Trois femmes jihadistes, soupçonnées d’avoir appartenu à l'État islamique, jugées à Paris

La cour d'assises de Paris (illustration). - AFP
Trois femmes jihadistes soupçonnées d'avoir appartenu au groupe État islamique (EI) en Syrie, dont la nièce des frères Clain, doivent comparaître à partir de ce lundi 15 septembre devant la cour d'assises spéciale de Paris, notamment pour association de malfaiteurs terroriste.
Jennyfer Clain, aujourd'hui âgée de 34 ans, est la nièce de Jean-Michel et Fabien Clain, deux responsables de la propagande de l'EI présumés morts en Syrie et voix de la revendication des attentats du 13-Novembre. Les deux autres accusées sont sa belle-mère, Christine Allain, et sa belle-soeur par alliance, Mayalen Duhart. Jennyfer Clain et Christine Allain comparaissent détenues.

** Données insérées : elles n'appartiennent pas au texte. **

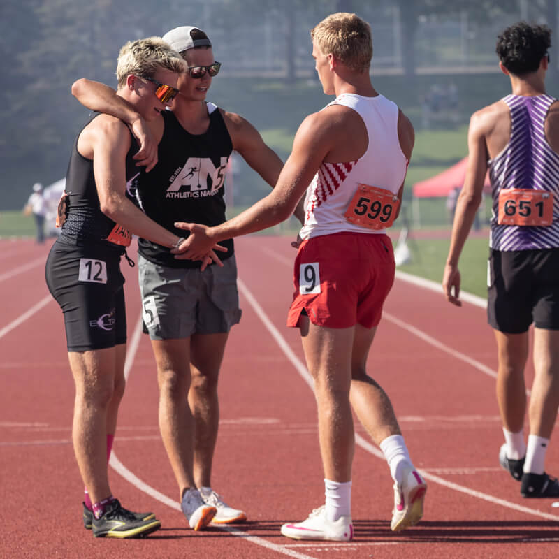 Congratulations all around as the U-18 men’s pole vault teammates finish 1-2. [Stephen J. Thorne/LM]

Fabien Clain avait notamment lu le communiqué de revendication des attentats du 13-Novembre sur fond de chants religieux de son frère, un rôle "essentiel pour diffuser et amplifier la terreur et attirer de nouveaux combattants", avait estimé en 2022 la cour d'assises qui les avait condamnés en leur absence à la perpétuité incompressible.
C'était d'ailleurs la volonté de rejoindre ses oncles en Égypte qui avait conduit Jennyfer Clain à se marier religieusement à 16 ans avec un prétendant que Jean-Michel Clain avait choisi pour elle, Kevin Gonot. Elle les avait ensuite suivis tous les trois à partir de 2014 en Syrie, à Raqqa, où son mari était lui-aussi devenu membre de l'État islamique.
Un "itinéraire engagé dans l'idéologie salafo-jihadiste"
Sur place vivait également la mère de Kevin Gonot, Christine Allain, aujourd'hui âgée de 67 ans. L'ancienne éducatrice spécialisée, réputée sans histoire, s'était convertie à l'islam quelques années plus tôt. Autrefois sujette à la dépression, Christine Allain avait été initiée au Coran par son fils aîné, Thomas Collange, né en 1982 d'une première union, et qu'elle considérait comme "le sauveur".
Ce dernier avait également entraîné dans sa nouvelle foi sa compagne, Mayalen Duhart, d'abord rencontrée à l'adolescence dans son Pays basque natal, puis retrouvée à la faculté de Toulouse, où il avait fait la connaissance de Fabien Clain.
À partir de 2004, le couple Duhart-Collange s'était rendu à plusieurs reprises en Syrie, avant de s'y installer définitivement en 2014, trois ans après le début de la guerre dans ce pays. Les départs en Syrie des trois accusées s'inscrivaient dans la poursuite d'un "itinéraire engagé depuis une dizaine d'années dans l'idéologie salafo-jihadiste", écrivent les magistrats dans leur acte d'accusation dont l'AFP a eu connaissance.
Le procès devant la cour d'assises spécialement composée - c'est-à-dire sans jurés populaires, la règle en matière de justice antiterroriste - doit se tenir jusqu'au 26 septembre. Les trois accusées encourent jusqu'à 30 ans de réclusion.
Mis en examen en 2019
Christine Allain, Jennyfer Clain et Mayalen Duhart avaient été expulsées de Turquie et mises en examen à leur arrivée en France en septembre 2019, accompagnées de neuf enfants de 3 à 13 ans. Elles avaient été arrêtées deux mois plus tôt dans la province turque de Kilis, frontalière avec la Syrie.
L'interpellation mettait fin à deux années d'itinérance après la chute de Raqqa, lorsqu'elles avaient suivi le groupe État islamique le long du fleuve Euphrate, au gré de la perte des territoires du fait des offensives kurdes. Kevin Gonot et Thomas Collange avaient été arrêtés lors de cette retraite. Le premier avait été condamné à mort en Irak en 2019.
Dans leur décision de les renvoyer devant une juridiction criminelle, les juges d'instruction ont relevé que les trois mises en cause "se sont maintenues de manière durable" au sein de groupes jihadistes.
"C'est bien en toute connaissance de cause" que la belle-mère et ses deux brus ont fait le choix, "après l'instauration du califat, de rejoindre l'EI en Syrie", elles et leurs familles bénéficiant de salaires ou de logements fournis par l'organisation, ont encore souligné les magistrats.
Jennyfer Clain et Mayalen Duhart sont également poursuivies pour s'être soustraites à leurs obligations parentales, notamment pour avoir emmené volontairement leurs enfants qui vivaient jusqu'alors en France - quatre chacune - "dans une zone en guerre pour y rejoindre un groupe terroriste, en les exposant ainsi à un risque important d'atteinte physique et psychologique" et "de graves traumatismes".